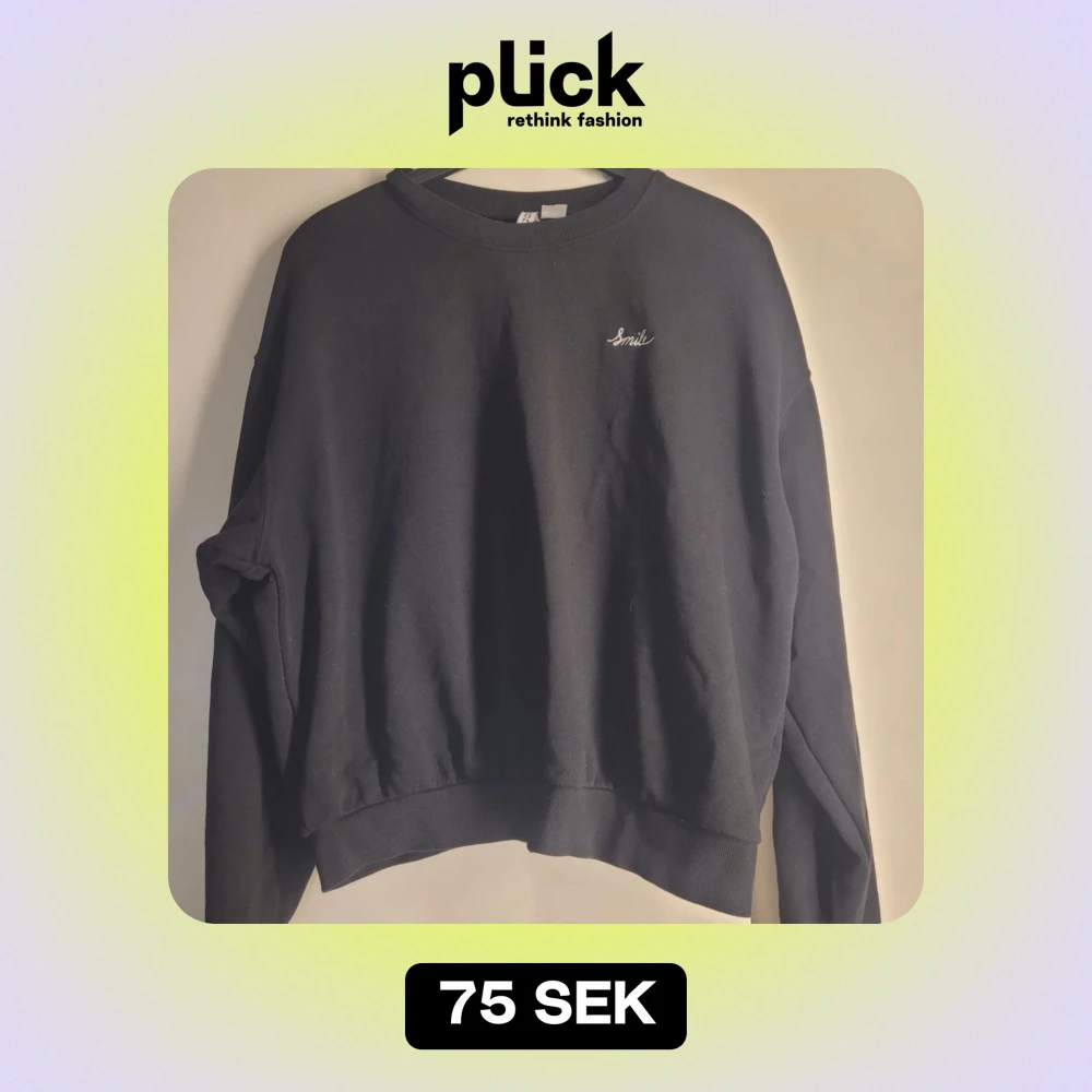 Säljer en svart sweatshirt från H&M i storlek XL. Den har en enkel design med texten 'Smile' broderad på bröstet. Perfekt för en avslappnad stil och passar till alla tillfällen. Tröjan är i bra skick och redo för en ny ägare!
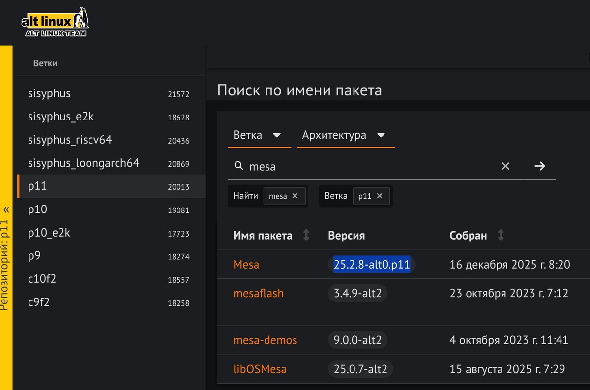 Всё-таки я немного запутался уже в версиях Mesa //// У меня сейчас после манипуляций постом выше Mesa 25.1.9, в p11 завезли 25.2.8 судя по репозиторию .... В Сизифе уже 25.3.4 .... А вообще в остальном мире так ... По состоянию на февраль 2026 года, актуальной стабильной серией является Mesa 25.3, а самой последней стабильной точечной версией — Mesa 25.3.5 (выпущена 6 февраля 2026 года). На версии 25.2.8 DaVinci точно не работает, вероятнее всего там кофликтуют разные версии библиотек с новым драйвером ... но как у меня случился 25.1.9 теперь тоже не совсем понятно))) Скорее всего из-за того что я заморозил отдельные компоненты Mesa, epm обновился не ломая зависимости. Хотя если в репозитории уже есть только версия 25.2.8 откуда он тогда взял моя версию xD))))))))))))))))))))) Ладно) Работает и прекрасно)))) @plafon #davinciresolve #ОСАльт
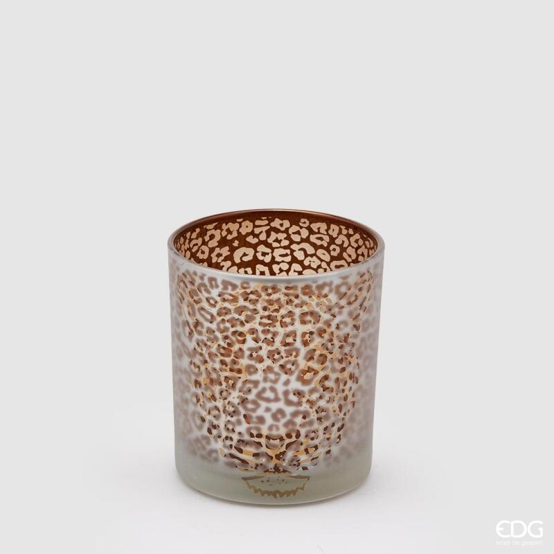BOUGEOIR EN VERRE LÉOPARD H10 D9 / BLANC OR
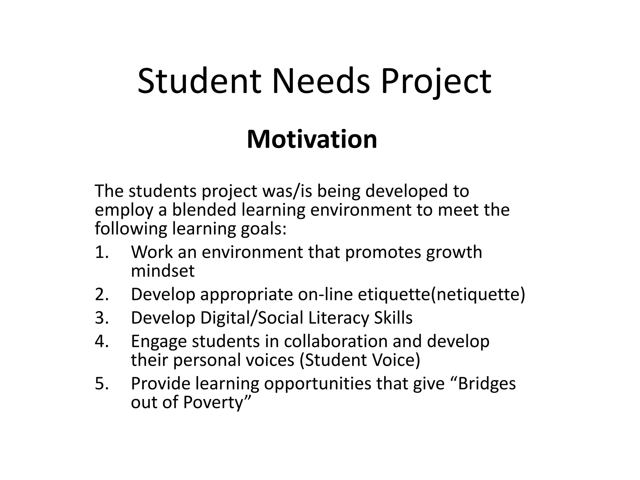 The Student Needs Project aims to employ a blended learning environment to meet several learning goals: developing a growth mindset, digital literacy skills, collaboration abilities, and opportunities to give "Bridges out of Poverty." It plans to build a website cataloguing community-created "how-to" lessons not taught in school but important for future success. The project framework uses the Simcoe County D2L environment and various web 2.0 tools to enhance learning and develop digital proficiency, employing a business startup model to create a complex website and brand.

[Exercise aim]:
Leave the images out and transcribe the rest of the material exactly.

[Output]:
 Säljer en svart sweatshirt från H&M i storlek XL. Den har en enkel design med texten 'Smile' broderad på bröstet. Perfekt för en avslappnad stil och passar till alla tillfällen. Tröjan är i bra skick och redo för en ny ägare!
 Всё-таки я немного запутался уже в версиях Mesa //// У меня сейчас после манипуляций постом выше Mesa 25.1.9, в p11 завезли 25.2.8 судя по репозиторию .... В Сизифе уже 25.3.4 .... А вообще в остальном мире так ... По состоянию на февраль 2026 года, актуальной стабильной серией является Mesa 25.3, а самой последней стабильной точечной версией — Mesa 25.3.5 (выпущена 6 февраля 2026 года). На версии 25.2.8 DaVinci точно не работает, вероятнее всего там кофликтуют разные версии библиотек с новым драйвером ... но как у меня случился 25.1.9 теперь тоже не совсем понятно))) Скорее всего из-за того что я заморозил отдельные компоненты Mesa, epm обновился не ломая зависимости. Хотя если в репозитории уже есть только версия 25.2.8 откуда он тогда взял моя версию xD))))))))))))))))))))) Ладно) Работает и прекрасно)))) @plafon #davinciresolve #ОСАльт
BOUGEOIR EN VERRE LÉOPARD H10 D9 / BLANC OR
 The Student Needs Project aims to employ a blended learning environment to meet several learning goals: developing a growth mindset, digital literacy skills, collaboration abilities, and opportunities to give "Bridges out of Poverty." It plans to build a website cataloguing community-created "how-to" lessons not taught in school but important for future success. The project framework uses the Simcoe County D2L environment and various web 2.0 tools to enhance learning and develop digital proficiency, employing a business startup model to create a complex website and brand.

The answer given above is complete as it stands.